Practice Exercise: DATA PRESENTATION
\(~\)
Before we have our scripts for each problem, let us first load the necessary packages in RStudio.
# Load necessary packages
library(pander)
\(~\)
Problem 1
The following table shows the data for 50 vehicle purchases during the last 5 years made at a certain car dealership.
| Suzuki | Suzuki | Toyota | Suzuki | Toyota | Ford | Honda | Ford | Suzuki | Suzuki |
| Toyota | Suzuki | Ford | Ford | Toyota | Toyota | Ford | Suzuki | Suzuki | Ford |
| Mitsubishi | Honda | Mitsubishi | Ford | Mitsubishi | Ford | Ford | Honda | Suzuki | Ford |
| Honda | Toyota | Toyota | Suzuki | Suzuki | Mitsubishi | Ford | Ford | Honda | Mitsubishi |
| Honda | Ford | Toyota | Toyota | Honda | Suzuki | Suzuki | Toyota | Ford | Mitsubishi |
Table 5.15. Data for 50 vehicle purchases.
\(~\)
\(~\)
The R Script:
# Import the "vehicles.csv" file and store it to 'vehicles'.
vehicles <- read.csv("vehicles.csv")
# Determine the frequencies for each vehicle brand.
cars.freq <- table(vehicles$brand)
# Determine the relative frequencies for each vehicle brand.
cars.relfreq <- cars.freq/sum(cars.freq)
# Determine the percent frequencies for each vehicle brand.
cars.pctfreq <- cars.relfreq*100
# Combine columns
cars.freqdist <- cbind(cars.freq, cars.relfreq, cars.pctfreq)
# Label the columns of the frequency distribution table
colnames(cars.freqdist) <- c("Frequency", "Relative Frequency", "Percent Frequency")
# Generate the Frequency Distribution Table
pander(cars.freqdist)
| Frequency | Relative Frequency | Percent Frequency | |
|---|---|---|---|
| Ford | 14 | 0.28 | 28 |
| Honda | 7 | 0.14 | 14 |
| Mitsubishi | 6 | 0.12 | 12 |
| Suzuki | 13 | 0.26 | 26 |
| Toyota | 10 | 0.2 | 20 |
The frequency distribution table shows that Ford was the most purchased vehicle brand with 13 customers availing of it.
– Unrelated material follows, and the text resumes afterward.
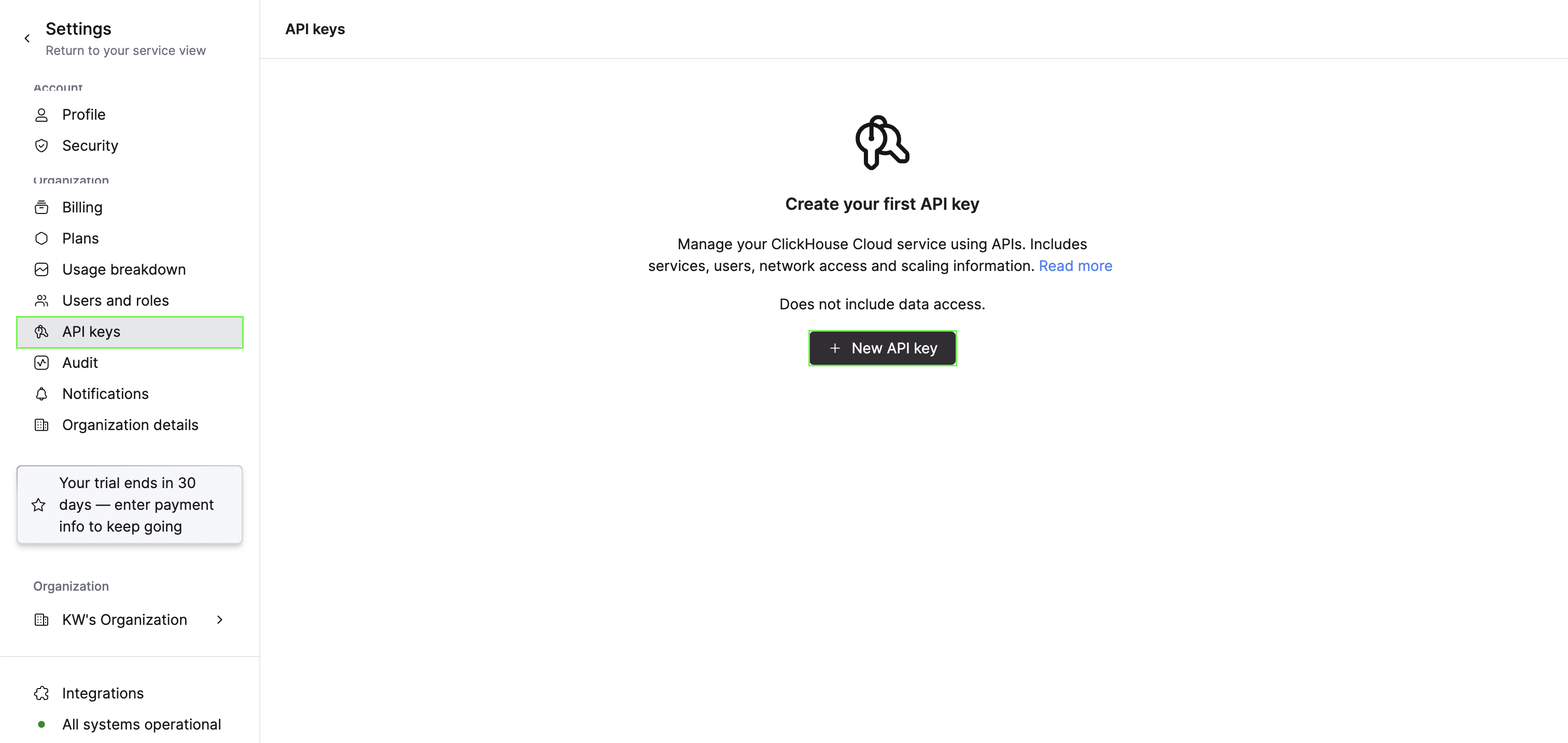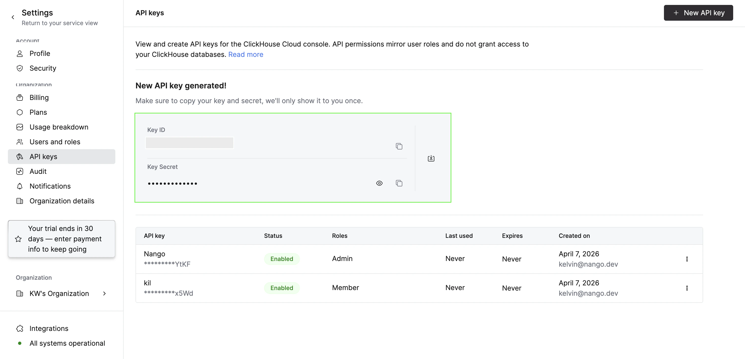 - Key Secret – Your ClickHouse Cloud API Key Secret; used as the Basic Auth password. Keep it secure.

This is followed by Suzuki with 13 purchases. Mitsubishi turns out to be the brand which was least purchased.
\(~\)
The Bar Chart
The R Script
# Load necessary packages
library(tidyverse)
library(forcats)
# Construct the bar chart.
bar <- ggplot(vehicles, aes(x = brand)) + geom_bar(width = 0.5) + ggtitle("Vehicle Purchases during the Last 5 Years")
# Arrange the bars in decreasing frequencies.
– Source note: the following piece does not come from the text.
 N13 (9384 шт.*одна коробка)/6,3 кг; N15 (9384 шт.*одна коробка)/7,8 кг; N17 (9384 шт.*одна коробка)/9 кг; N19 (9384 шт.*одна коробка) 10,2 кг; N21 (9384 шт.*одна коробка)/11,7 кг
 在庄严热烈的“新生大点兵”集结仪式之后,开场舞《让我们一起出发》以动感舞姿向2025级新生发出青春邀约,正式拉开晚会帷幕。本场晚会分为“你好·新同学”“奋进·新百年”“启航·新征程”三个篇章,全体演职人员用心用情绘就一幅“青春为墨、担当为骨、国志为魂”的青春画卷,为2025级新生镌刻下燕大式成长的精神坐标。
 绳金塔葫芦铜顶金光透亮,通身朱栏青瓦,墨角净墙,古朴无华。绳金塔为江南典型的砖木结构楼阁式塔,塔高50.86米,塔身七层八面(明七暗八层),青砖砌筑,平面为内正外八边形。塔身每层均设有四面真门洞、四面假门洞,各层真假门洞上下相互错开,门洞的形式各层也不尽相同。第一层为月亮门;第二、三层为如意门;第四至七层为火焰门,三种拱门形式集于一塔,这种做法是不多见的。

bar <- ggplot(mutate(vehicles, brand = fct_infreq(brand))) + geom_bar(aes(x = brand), width = 0.5) + ggtitle("Vehicle Purchases during the Last 5 Years")
# Present the bar graph.
bar
The bar graph shows that the vehicle brand Ford was the most purchased brand, while Mitsubishi was the least purchased brand.
\(~\)
The Pie Chart
The R Script
# Determine the freqquencies for each car brand
car.freq <- table(vehicles$brand)
# Present the frequency table
car.freq
Ford Honda Mitsubishi Suzuki Toyota
14 7 6 13 10
# Create a vector of the frequencies and name it as freqs.
freqs <- c(14, 7, 6, 13, 10)
# Create a vector of the vehicle brands. Name this to 'brands'
brands <- c("Ford", "Honda", "Mitsubishi", "Suzuki", "Toyota")
# Calculate corresponding percentages of the frequencies. Round-off values to 2 decimal places.
pcnts <- round(freqs/sum(freqs)*100, 2)
# Add computed percentages to the brands
brands <- paste(brands, pcnts)
# Add the "%" sign to the labels
brands <- paste(brands, "%", sep = " ")
# Construct the pie chart.
piechart <- pie(freqs, labels = brands, col = rainbow(length(brands)), main = "Pie Chart of data on Vehicle Purchases")
# Present the pie chart.
piechart
NULL
(Note: In this output, the command to present the piechart was somehow shown after the piechart.)
The pie chart shows that Ford was the most purchased brand among all brands, corresponding to 28% of all the vehicle purchases. Mitsubishi, on the other hand, was the least purchased brand as indicated by only 12% of the purchases made.
\(~\)
Probem 2:
The data below shows the time in days required to complete year-end audits for a sample of 20 clients of Sanderson and Clifford, a small public accounting firm. Construct a dot plot for the sample.
Data:
| Year-end Audit Time (in days) | |||||||||
|---|---|---|---|---|---|---|---|---|---|
| 12 | 20 | 14 | 15 | 21 | 18 | 22 | 18 | 17 | 13 |
| 15 | 22 | 14 | 27 | 18 | 19 | 33 | 16 | 23 | 28 |
\(~\)
The R Script:
# Load necessary packages
library(ggplot2)
# Create the data vector
audit <- c(12, 20, 14, 15, 21, 18, 22, 18, 17, 13, 15, 22, 14, 27, 18, 19, 33, 16, 23, 28)
# Create the dotplot
dot <- stripchart(audit, method = "stack", at = c(0.05), pch = 20, cex = 3.2, las = 1, frame.plot = FALSE, xlim = c(10, 35), main = "Year-End Audit Times")
# Present the dotplot.
dot
## NULL